Look at the flavour. You are literally burying alive your opponent’s dude. I think that’s one thing which unnerves all of us. Of course, I could mention that it permanently (since no one bothers to pack noncreature removal because noncreature permanents in this game suck) takes a creature out of the game for all intents and purposes except for static abilities, but why bother?
Illusory Angel: 2.5
Like Incursion Specialist, except not as terrible. It’s not as unlikely that you’ll get to play her, but the window to do so without wasting a spell is brief and often in the late game. Not that you’d need her, anyway.
Dream Fracture: 3.5
This card is… interesting. It leaves you and your opponent completely tied, unless you’re using it on a disposable spell of your own. (Though you’ll be paying 2 cards and at least 4 mana to draw 2 – much worse than Divination, which is considered eh by itself.) However, the draw arguably favours you, for two reasons. One, drawing one is more valuable for an aggro deck than for, say, an Eldrazi deck. Two, you likely traded an okay card (Dream Fracture) for an opponent’s bomb. The odds that you’ll draw a decent card to replace it are higher than that your opponent draws another bomb.
Blind Phantasm: 2.0
In earlier times, this would have been a perfectly fine creature for Blue. Now, the same price will fetch the same, flying, hexproof, and one size bigger. Just not worth your time, not in this deck.

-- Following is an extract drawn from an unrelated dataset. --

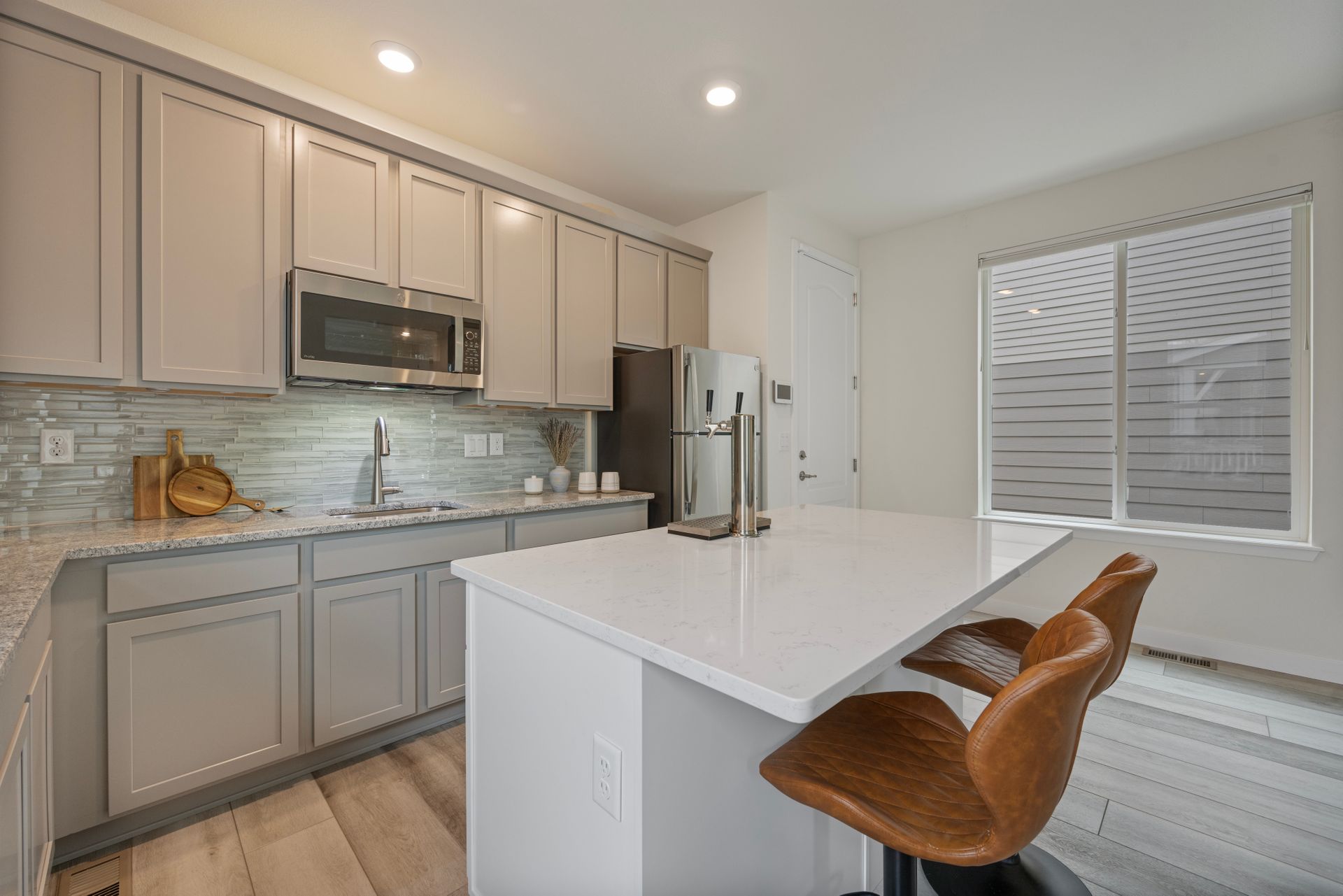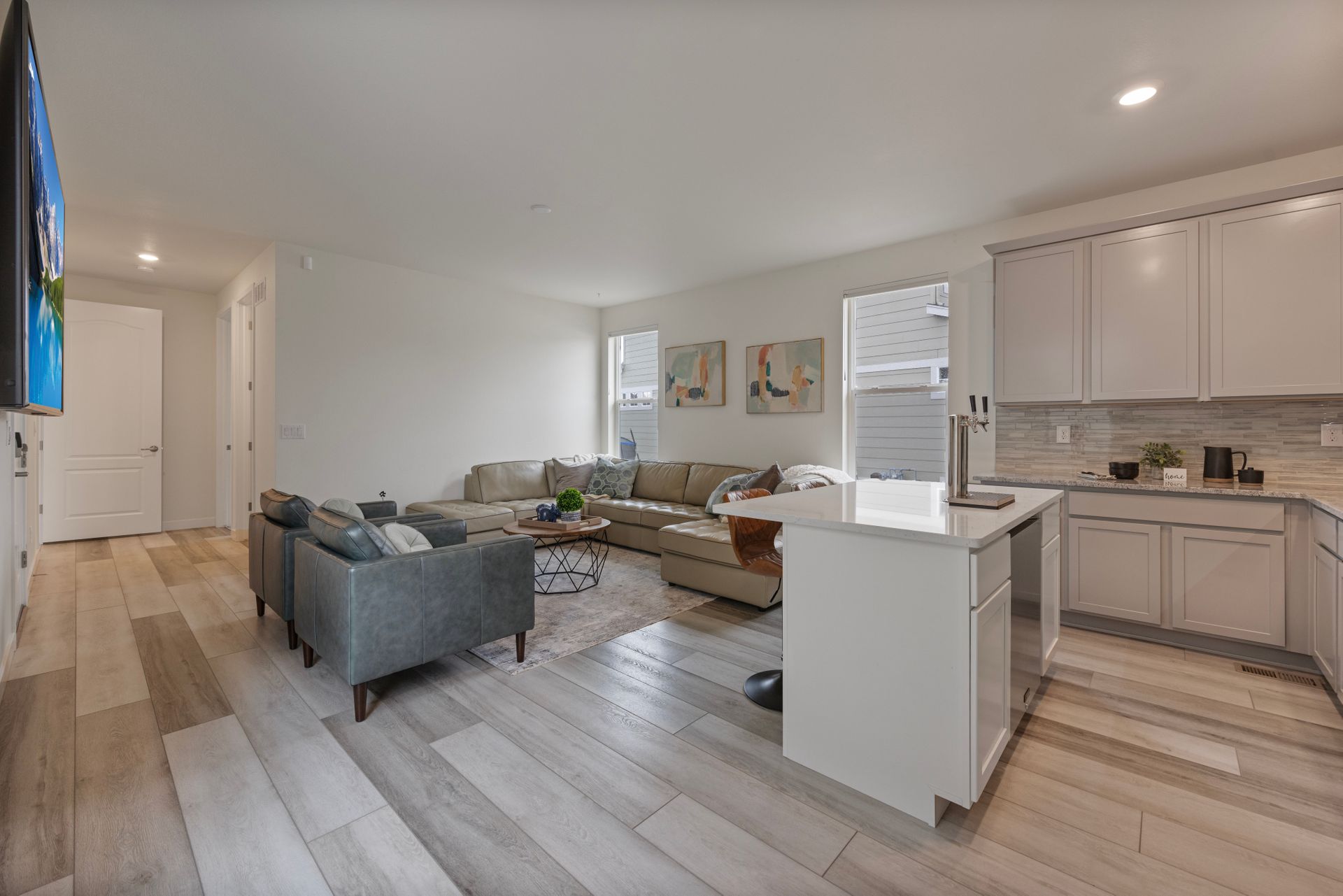 From the moment you step inside, you’ll be greeted by an open-concept layout designed for both comfort and connection. The heart of the home is the expansive kitchen—a true entertainer’s dream—boasting a central island, gleaming stainless steel appliances, and a gas cooktop.

Staff of the Mind Magus: 1.0
This card, amongst with the other “Lucky Charms” that have wasted booster slots since the dawn of Magic, are specifically created to show new players that lifegain is terrible. Seriously. Even if you’re just starting to unlock the deck, it is literally better to swap it out for land instead.
This is what a counter should be. Three mana, counter something, nothing else. Why exactly is it considered terrible by everything that draws breath or wishes it could? Oh yeah, Alpha cards providing the bar for everything else. Still, you need to scrape together every piece of countermagic that you can get.
Halycon Glaze: 3.0
If the enchantment has been on the board for a turn before it is activated, it will be able to attack. It dodges sorcery speed removal, but will never block (well, unless you use Draining Whelk) and relies on you casting creatures in main phase 1. What exactly was it that you did not want to do? Oh yeah, play spells main 1!
Frost Breath: 2.5
Takes out opposing dudes for two whole turns if used correctly, but why bother? You’ll rarely need it, and even if, Unsummon will do the job just as well. (If there are two creatures on the opposing side that MUST be tapped, you might be in some trouble.)
Phantasmal Dragon: 4.0
Okay, with this one the sac clause is fairly relevant. It would be big enough to withstand most punishment and its size puts an enormous target onto it. In exchange, you get a 5/5 flier for four mana. Four! If it doesn’t kill itself. A fair point. Now if only there was some self-indestructifying way to make it a 7/7 hexproof…
Phantom Beast: 2.0
I really adore this card for flavour and still being strictly better than most of Magic’s modern fliers, but… compare to the dragon. Nope.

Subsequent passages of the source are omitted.